• [REQUIRED WORK]
Write out each line below precisely, passing over the pictures.

• [PROVIDED MATERIAL]

────────────────────────────────────────

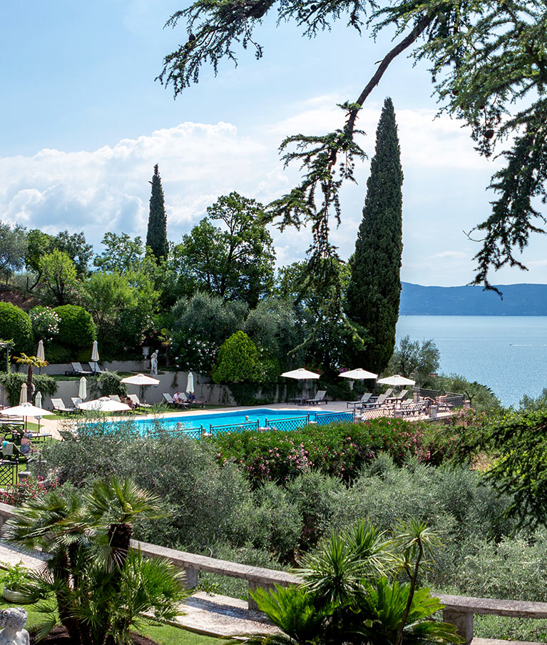 La piscina dell'Hotel è situata nel parco vicino al campo da tennis e ad uno dei due tempietti neoclassici che arricchiscono il fascino del giardino.
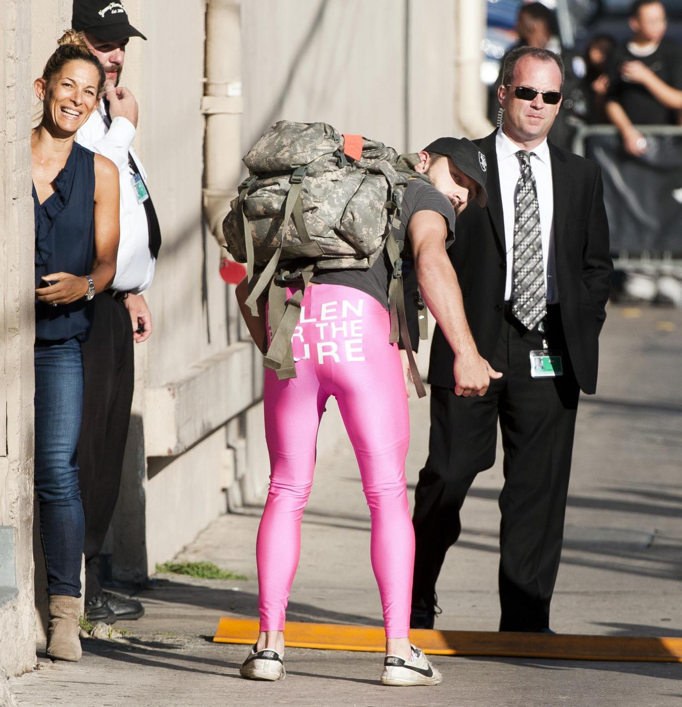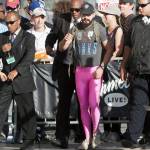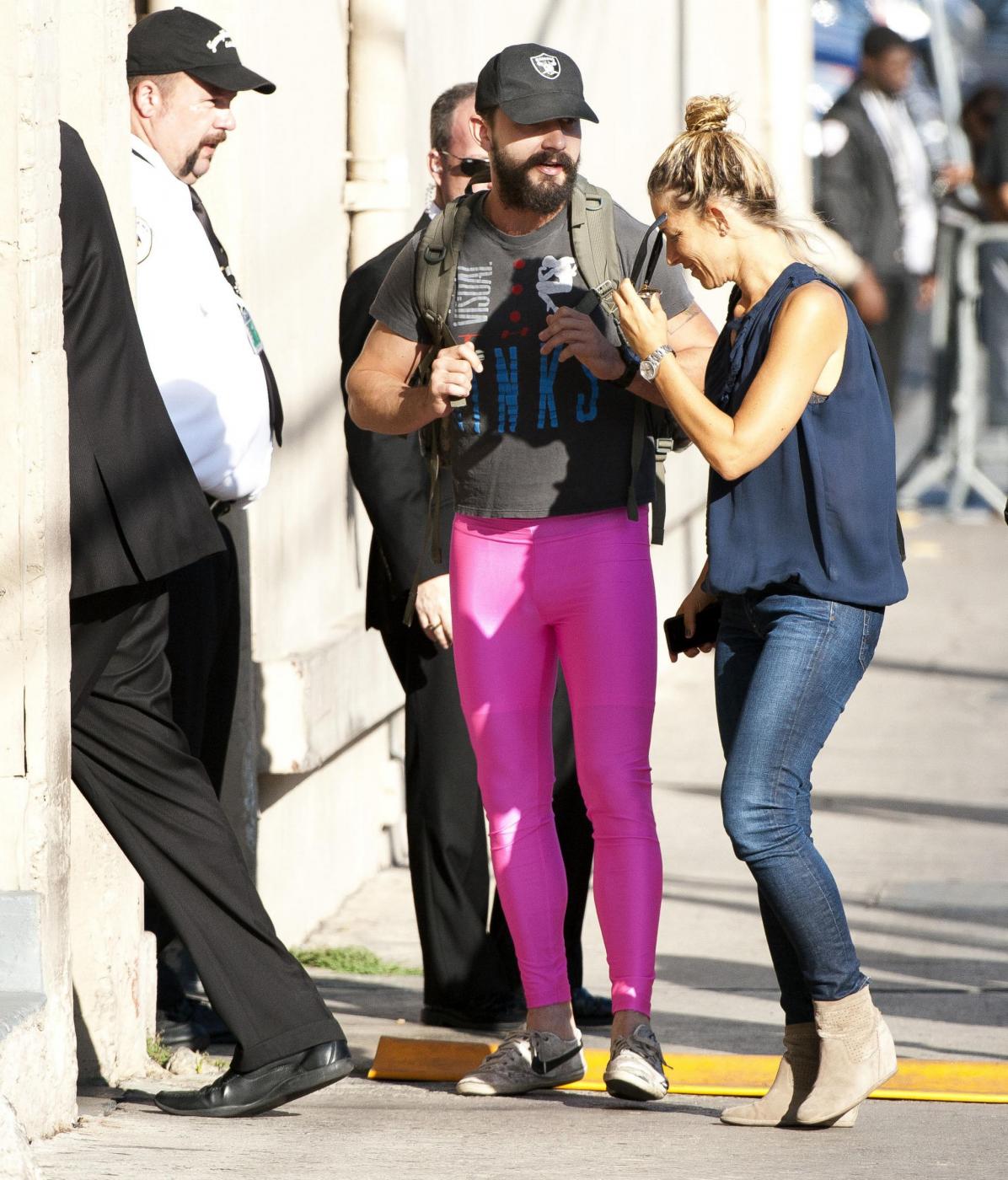 Shia Labeouf Oct. 13, 2014 - Hollywood, California, U.S - American actor Shia Labeouf wore pink tights for his appearance on Jimmy Kimmel Live! in Hollywood on Monday October 13, 2014. Labeouf turned around and bent over t before entering the building to show off ''Ellen For The Cure,'' written out in white letters on the seat of the tights.Zuma press/LaPresseOnly Italy
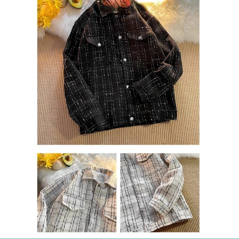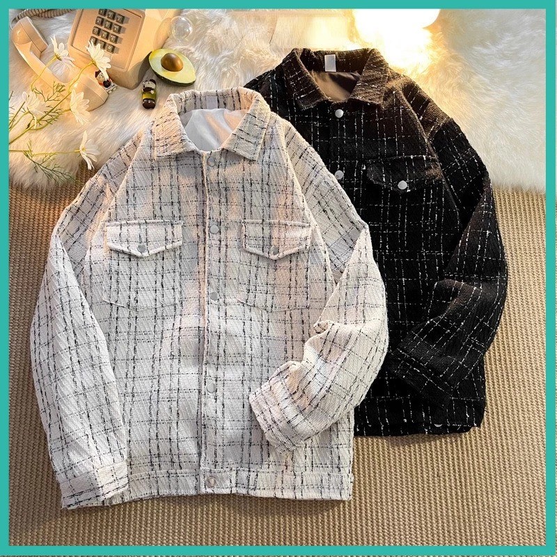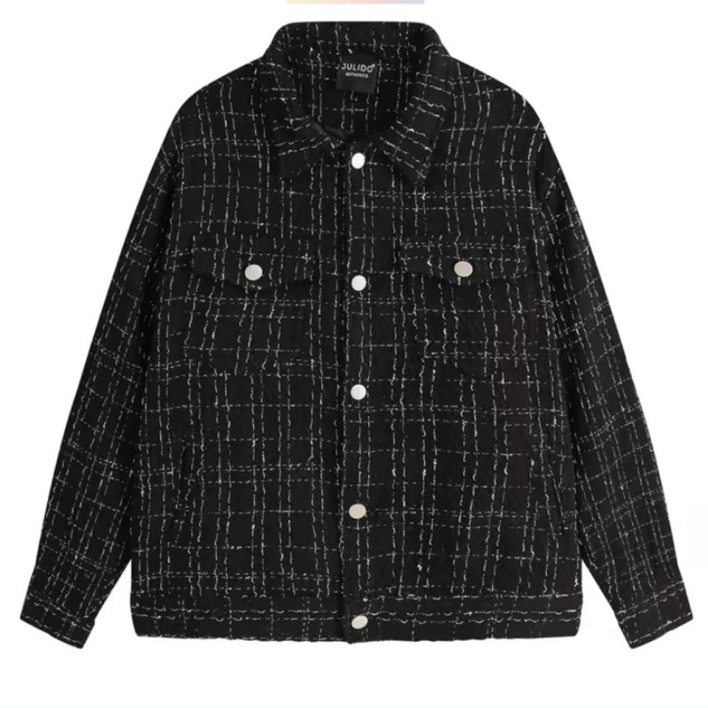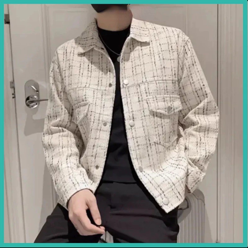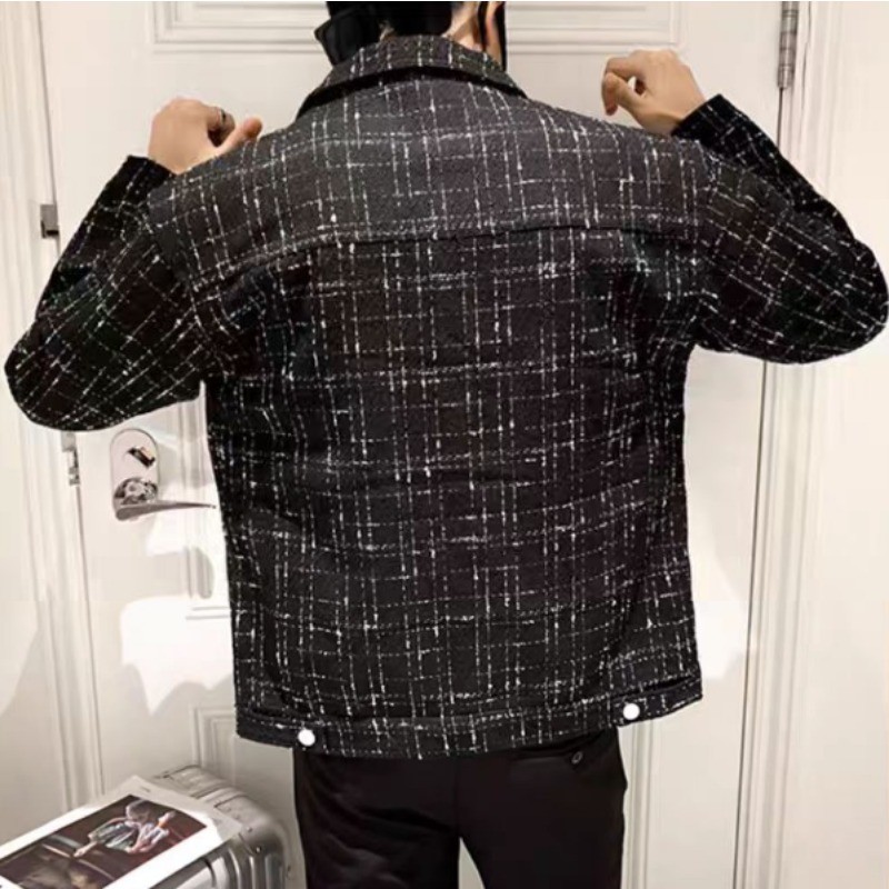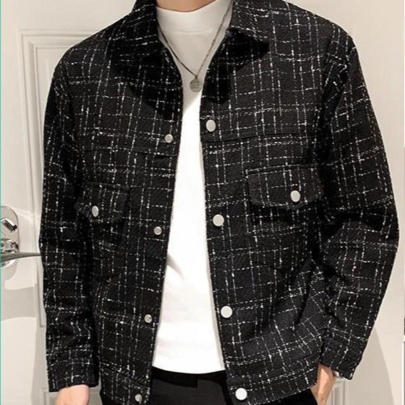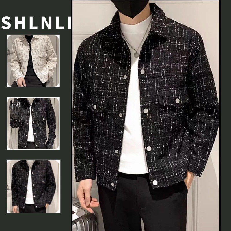 แจ็คเก็ตลายสก๊อตแขนยาวปกย้อนยุคอินเทรนด์ของผู้ชายฤดูใบไม้ผลิฤดูใบไม้ร่วง
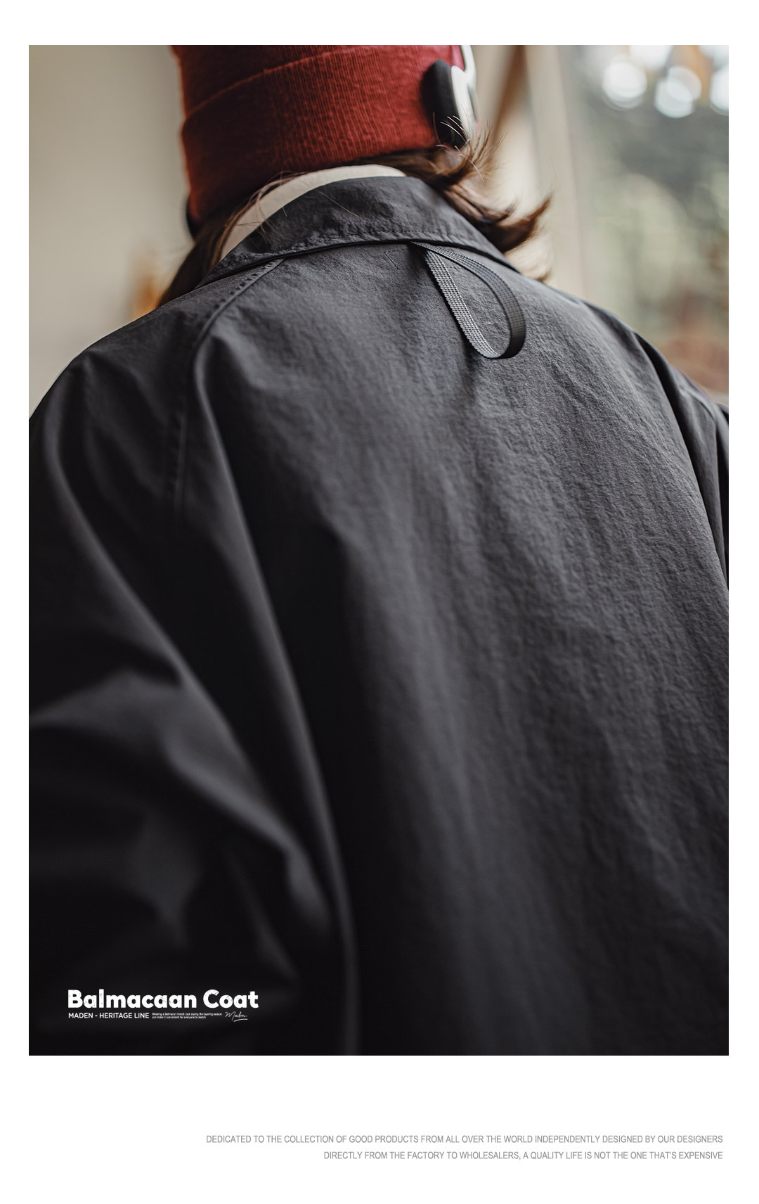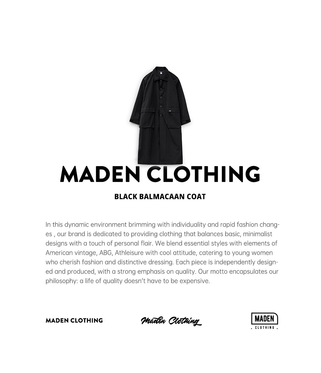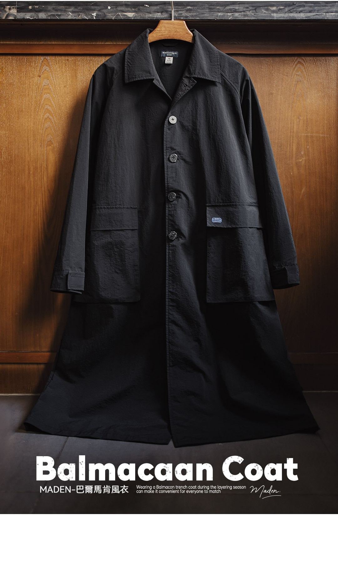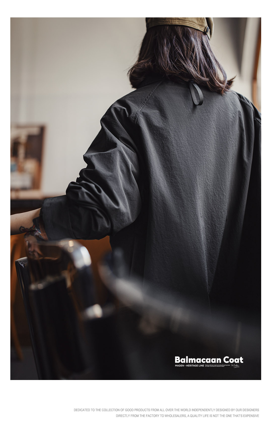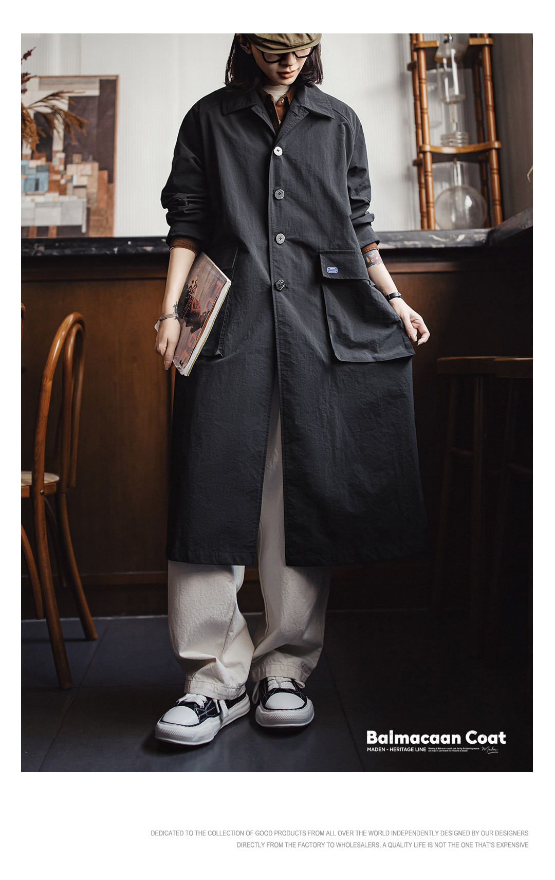 馬登女裝 黑色翻領寬鬆中長薄款大衣高個子休閒工裝風衣外套女士早秋季

────────────────────────────────────────

• [SOLUTION]
 La piscina dell'Hotel è situata nel parco vicino al campo da tennis e ad uno dei due tempietti neoclassici che arricchiscono il fascino del giardino.
 Shia Labeouf Oct. 13, 2014 - Hollywood, California, U.S - American actor Shia Labeouf wore pink tights for his appearance on Jimmy Kimmel Live! in Hollywood on Monday October 13, 2014. Labeouf turned around and bent over t before entering the building to show off ''Ellen For The Cure,'' written out in white letters on the seat of the tights.Zuma press/LaPresseOnly Italy
 แจ็คเก็ตลายสก๊อตแขนยาวปกย้อนยุคอินเทรนด์ของผู้ชายฤดูใบไม้ผลิฤดูใบไม้ร่วง
 馬登女裝 黑色翻領寬鬆中長薄款大衣高個子休閒工裝風衣外套女士早秋季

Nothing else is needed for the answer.